◆ **What you are asked to do**
Output the entries exactly. Start at the first line, finish with the line containing "Spargel-Pasta, Seite 8", and omit the pictures.

◆ **Records for processing**

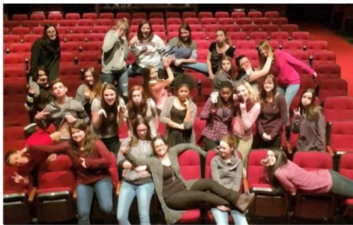
Les élèves de français-théâtre de l'école du Mistral

Mont-Joli, le 18 mars 2014 – L'Harmonie du Mistral et la troupe La savane royale du cours de français-théâtre de l'école du Mistral présenteront la comédie musicale Le Roi lion au grand public les 8 et 9 avril à 19 heures et le 12 avril à 14 heures. Les billets seront en vente dès le lundi 23 mars à l'accueil de l'école du Mistral et auprès des élèves participants au coût de 15 $ pour les adultes et de 8 $ pour les enfants. Des représentations scolaires auront également lieu.
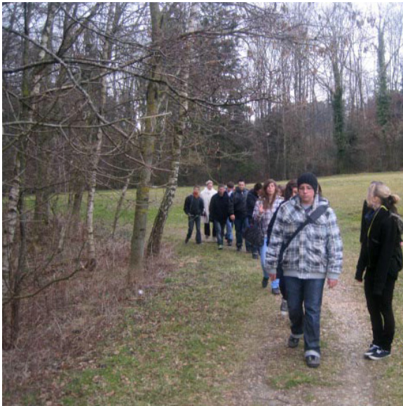
Marsch um den Biessenhofer-Weiher
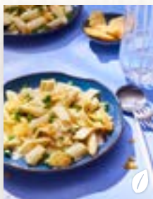
Spargel-Pasta, Seite 8

Jeden Tag neue Ideen: Freu dich auf 39 Rezepte für drinnen und draußen! Noch viele weitere Rezepte und Ideen findest du auch bei uns im Web oder auf Facebook, TikTok, Instagram & Co. Entdecke dort neue Trends und lass dich von unseren Koch- und Ernährungsexpert:innen inspirieren.
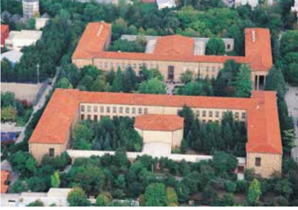
Proje İsmi : Ankara Üniversitesi Tandoğan Kampüsü Şehir : Ankara Yatırımcı : Ankara Üniversitesi Tarih : 2016
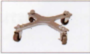
ล้อเลื่อนสำหรับถัง 5 แกลลอน
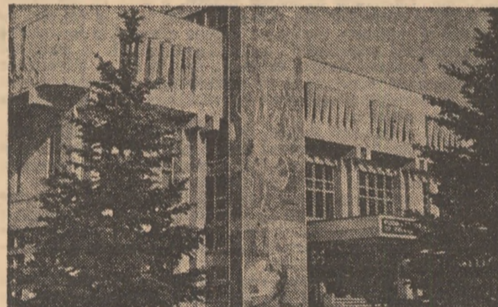
Casa științei și tehnicii din Cimpina.
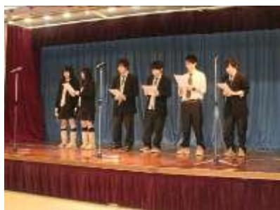
聖歌隊の美しい歌声

地域の方々が大ホールでいろいろな催しを楽しんでいる間に、ロビーでは餅つきが行われ、つきたてのお餅でお汁粉が振舞われました。
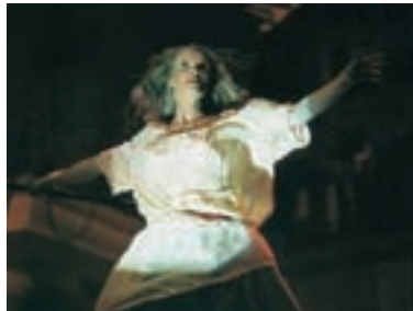
26. Don Gio Don Gio 1992
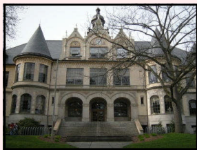
ワシントン大学(州立)Dennv Hall

アメリカ・シアトルにて全米有数の州立大学ワシントン大学と、ボーイング社工場、マイクロソフト社などを訪れます。
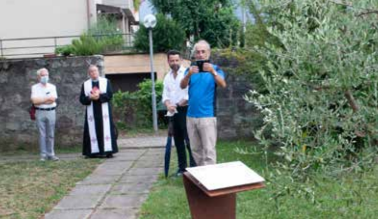
Videochiamata con "i gemelli" di Civitanova Marche
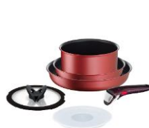
フライパンセット

◆ **Exercise solution**
Les élèves de français-théâtre de l'école du Mistral

Mont-Joli, le 18 mars 2014 – L'Harmonie du Mistral et la troupe La savane royale du cours de français-théâtre de l'école du Mistral présenteront la comédie musicale Le Roi lion au grand public les 8 et 9 avril à 19 heures et le 12 avril à 14 heures. Les billets seront en vente dès le lundi 23 mars à l'accueil de l'école du Mistral et auprès des élèves participants au coût de 15 $ pour les adultes et de 8 $ pour les enfants. Des représentations scolaires auront également lieu.
Marsch um den Biessenhofer-Weiher
Spargel-Pasta, Seite 8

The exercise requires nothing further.